Friday, December 07, 2012

6th December 2012, Main Ingredient's MENU - Our new On Line Shop, Christmas food, Crayfish Thermidor, Bargaining,Diemersdal, Winex Select, CTICC Food, Bubbles in Franschhoek, Winter's Drift


MENU
Main Ingredient’s weekly E-Journal
Gourmet Foods, Ingredients & Fine Wines
Eat In Guide’s Outstanding Outlet Award Winner from 2006 to 2010
+27 21 439 3169 / +27 83 229 1172
Evening view from Cape Point Vineyards to Noordhoek and Kommetjie, with tree
In this week’s MENU:
*       Main Ingredient's new On Line Shop
*       This week’s Product menu   
*       Our market activities - new Cape Point Vineyards Market
*       What to eat for Christmas
*       Crayfish Thermidor
*       Bargaining in markets
*       Lunch in the stables at Diemersdal
*       Winex Select
*       Food at CTICC
*       The Magic of Bubbles, Franschhoek
*       Winter's Drift at Elgin station
*       Wine and Food Events in 2012 & 2013
*       Wine courses & cooking classes
To take a look at our Main Ingredient blogs, follow the link: http://adamastorbacchus.blogspot.com/ because to tell our whole story here would take too much space and you can also read earlier blogs. We are constantly surprised at how many of the older blogs are still being read. Google Analytics tells us how many people are reading them and where they are. There is something special about seeing that our ramblings are being read in China or South Korea. Readers in Europe, The UK and North America are a good percentage, but the surprise always comes from the countries outside our normal reach. Click on underlined and Bold words in the text of this edition to open links to pictures, blogs, pertinent websites or more information. Follow us on Twitter: @mainingmenu
Main Ingredient's new On Line Shop     Our big news this week is that, at last, we have a proper on-line shop. John has spent a couple of days photographing products so that you can see the products we sell. The front page has a selection of product groups. Click on one that interests you and it will open to show you all the products in that group. Click on a product and you can add it to your "bag". If you want something else, click on "continue shopping". Do the same for every product you need. When you've done, click on Checkout. Our software is American, so you will need to agree to the terms & conditions. You will need to fill in your details on the form that appears and email it to us. Do not pay until we have confirmed availability and invoiced you.  Click here to see the shop.

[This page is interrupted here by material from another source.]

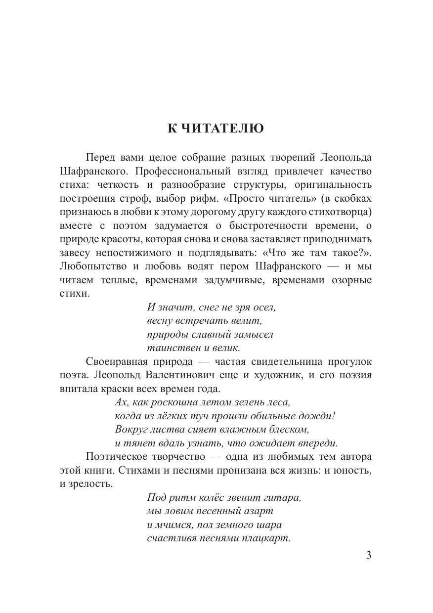 В этой книге собраны произведения, написанные автором в последние годы. Его стихи публиковались в различных сборниках в России и в журналах «Окна» (2012) и «Европейская словесность» (2013) в Германии. В 2004 году была издана первая книга «В пространстве заоконном», в 2014 году — книга «Любимая, осень...», а в 2018 году — книга «Солнце целится в лицо». Леопольд Шафранский является членом Союза писателей г. Москвы.

This week’s Product menu    Marrons glacé are selling well and we have boosted our stock of the strong French Fallot mustards. We have a range of wicked French patés, especially for our French customers who must have them for their Christmas celebrations.
Fresh truffles are still available to special order. We need to know your requirement as soon as possible after you receive this, so that we can quote you and receive your payment in time to send your order to the supplier. Burgundy is the most affordable and orders must be in multiples of 50 grams. The truffles will be airfreighted. We can source white truffles from Alba and black truffles from Perigord but the price is significantly higher. Send us a message if you wish to order.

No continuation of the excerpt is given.